İnsülin direnci, geçmiş dönemde metabolik sendrom olarak adlandırılan tablonun daha iyi tanımlanmış bir kavramıdır. Tedavide ana hedef, yaşam tarzı değişikliği, hipertansiyon, glukoz ve lipid metabolizması bozukluklarının giderilmesi şeklindedir. Bu bireylerin, diyetisyen görüşünün ardından tıbbi beslenme programlarına alınması gerekir. Hekimlerinin onaylarını aldıktan sonra haftada en az dört gün tempolu, 30 dakika yürüyüş benzeri egzersizleri yapması ve beslenme alışkanlıklarını değiştirmesinde fayda vardır. Eşlik eden hastalıkların da tedavileri mutlaka yapılmalıdır.

Hastaların, tansiyon takiplerini gerçekleştirerek değerlerini 140/90mmHg’nin altında tutabilmek amacıyla antihipertansif tedavi almaları söz konusu olabilir. İleride tip 2 diyabet gelişme riski artması nedeniyle başvurdukları hekim tarafından uygun görülmesi durumunda, hem direncin azalması hem de gelişmekte olan kan şeker kontrol bozukluğunun giderilmesi için tedaviye başlanabilir. İnsülin direnci tanısı alan ve tedaviye başlayanların, üç ay aralıklarla muayene ve kan tahlillerinin yapılabilmesi amacıyla takibe alınması gerekir.

Haberin Devamı

Tedavi, ömür boyu devam eder. İlk basamağını, farkındalık ve yaşam değişikliği oluşturur. Düzenli takipler sayesinde, bazı koşullarda hap tedavilerini bırakabilen hastalar olabilir. İnsülin direnci bulunan bireylerin, hastalık hakkında iyi bilgiye sahip olmalı, kilo kontrolü sağlayıp, egzersiz yapmalı, kullandıkları ilaçların etki ve yan etki mekanizmalarını sağlık çalışanlarından detaylı bir şekilde öğrenmeleri gerekir.

İNSÜLİN DİRENCİ

RİSK FAKTÖRLERİ

- Aşırı kilo

- 45 yaş ve üzerinde olmak

- Aile öyküsü

- Yüksek tansiyon ve kolesterol

- Daha önce kalp hastalığı veya inme geçirmiş olmak

- Polikistik over sendromlu kadın

- Gestasyonel diyabet öyküsü

- Metabolik sendrom

BELİRTİLER

- Yemek yedikten sonra bile geçmeyen açlık hissi

- Sık sık idrara çıkma ve miktarında artış

- El ve ayaklarda karıncalanma hissi

- Sık sık enfeksiyonlara maruz kalma

- Ağır bir yemek sonrasında gereğinden fazla uykulu ve yorgun hissetme

- Yemek sonrası terleme

- Kilo alımının kontrolden çıkması

- Sürekli tatlı yeme isteği

- Koltuk altı, kasık ve boyun bölgelerinde cilt renginde kararmalar

- Bel çevresinin zamanla genişlemesi

İNSÜLİN DİRENCİ
Bu sorunla yaşayanlara öneriler

- Glisemik indeksi düşük besinler tüketmeye özen gösterin.
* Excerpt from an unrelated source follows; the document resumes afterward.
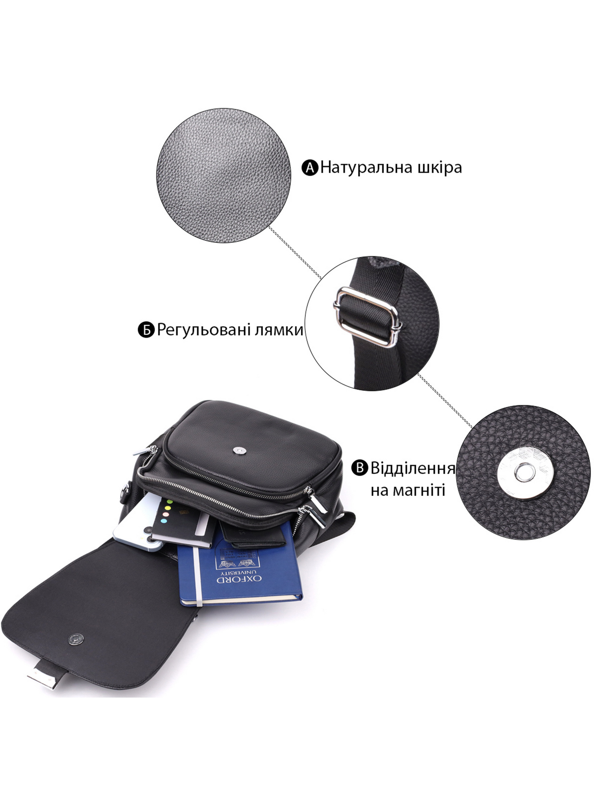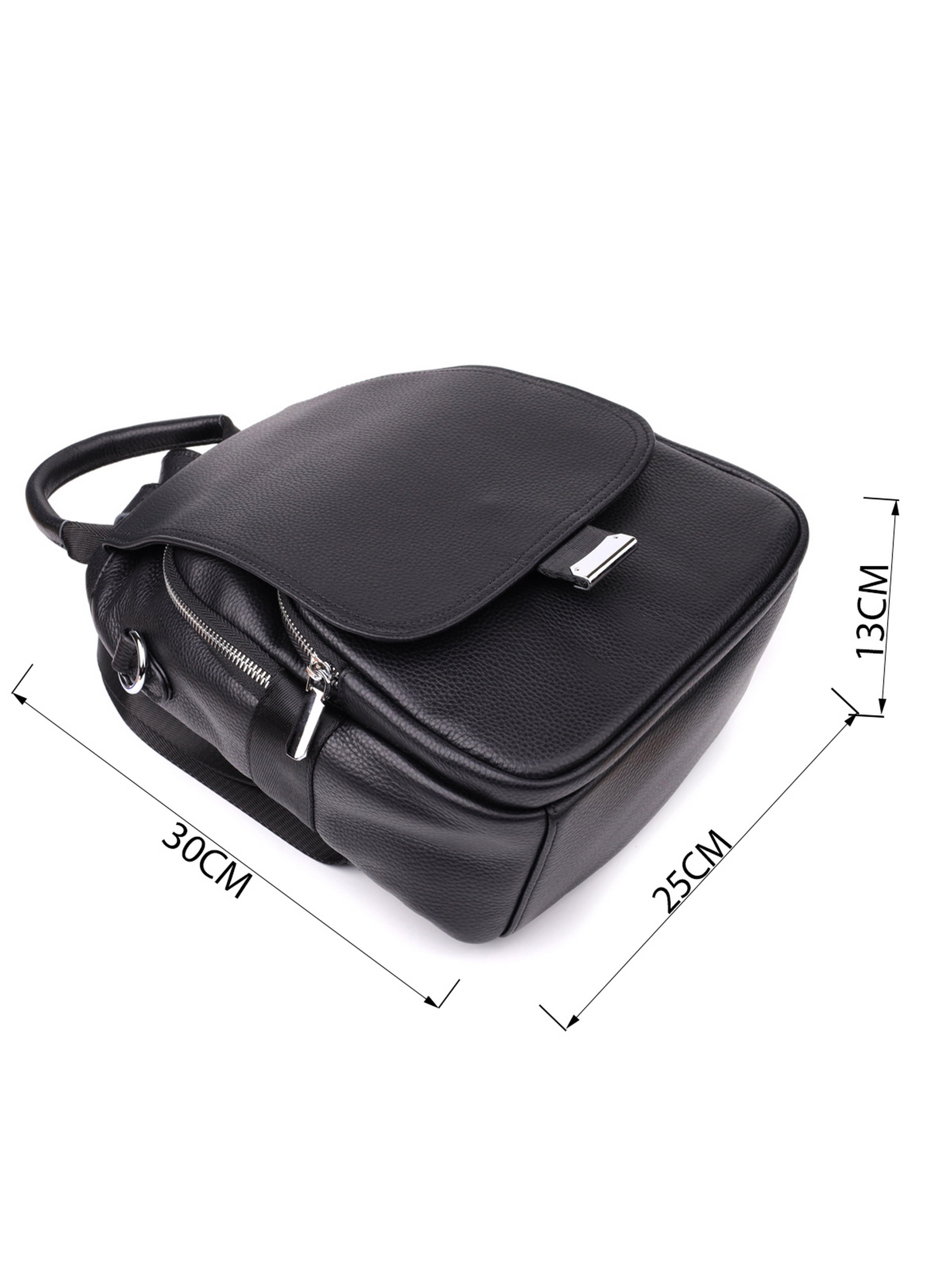 Цвет: черный; Материал: натуральная кожа высокого качества; Размер (ШхВхГ, см): 25х30х13см; Страна производитель: Китай. Бренд: Vintage. Особенности: - одно основное отделения на молнии; - два кармана на молниях внутри; - карман открытого типа внутри; - накладной карман, что закрывается на молнию, на лицевой стороне; - клапан на магните что закрывает основное отделение и накладной карман; - карман на молнии на тыльной стороне; - кожаная ручка для переноса; - кожано-текстильные регулируемые лямки; - текстильный ремешок чтобы носить как сумку. Женский кожаный рюкзак отличается стильным дизайном и удобной функциональностью. Основное отделение на молнии обеспечивает надежное хранение личных вещей, внутри которого находятся два кармана на молниях и один открытого типа для удобной организации. Накладной карман на лицевой стороне закрывается на молнию и дополнительно защищён клапаном на магнитах, который также закрывает основное отделение. На тыльной стороне расположен карман на молнии для быстрого доступа к необходимым предметам. Для комфортной переноски предусмотрена прочная кожаная ручка, кожано-текстильные регулируемые лямки, а также текстильный ремешок, позволяющий носить рюкзак как сумку. Эта модель отлично подойдет для повседневного использования, сочетая удобство и современный стиль.

- Düzenli egzersiz yapın, en az 30 dakikalık yürüyüşlere çıkın.

- Şeker miktarı yüksek meyveleri tüketmekten kaçının.

- Güne mutlaka sağlıklı bir kahvaltı yaparak başlayın. Üç ana, üç ara öğün şeklinde beslenin. Ana öğünlerde protein açısından zengin gıdalar tüketin. Kalori ihtiyacınızın yüzde 25-35’ini proteinlerden alın. Yüzde 50-65’iniyse karbonhidratlardan karşılayın.

- Tuz, şeker ve un üçlüsünü hayatınızdan çıkarın.

-n Doktor randevularınızı ihmal etmeyin.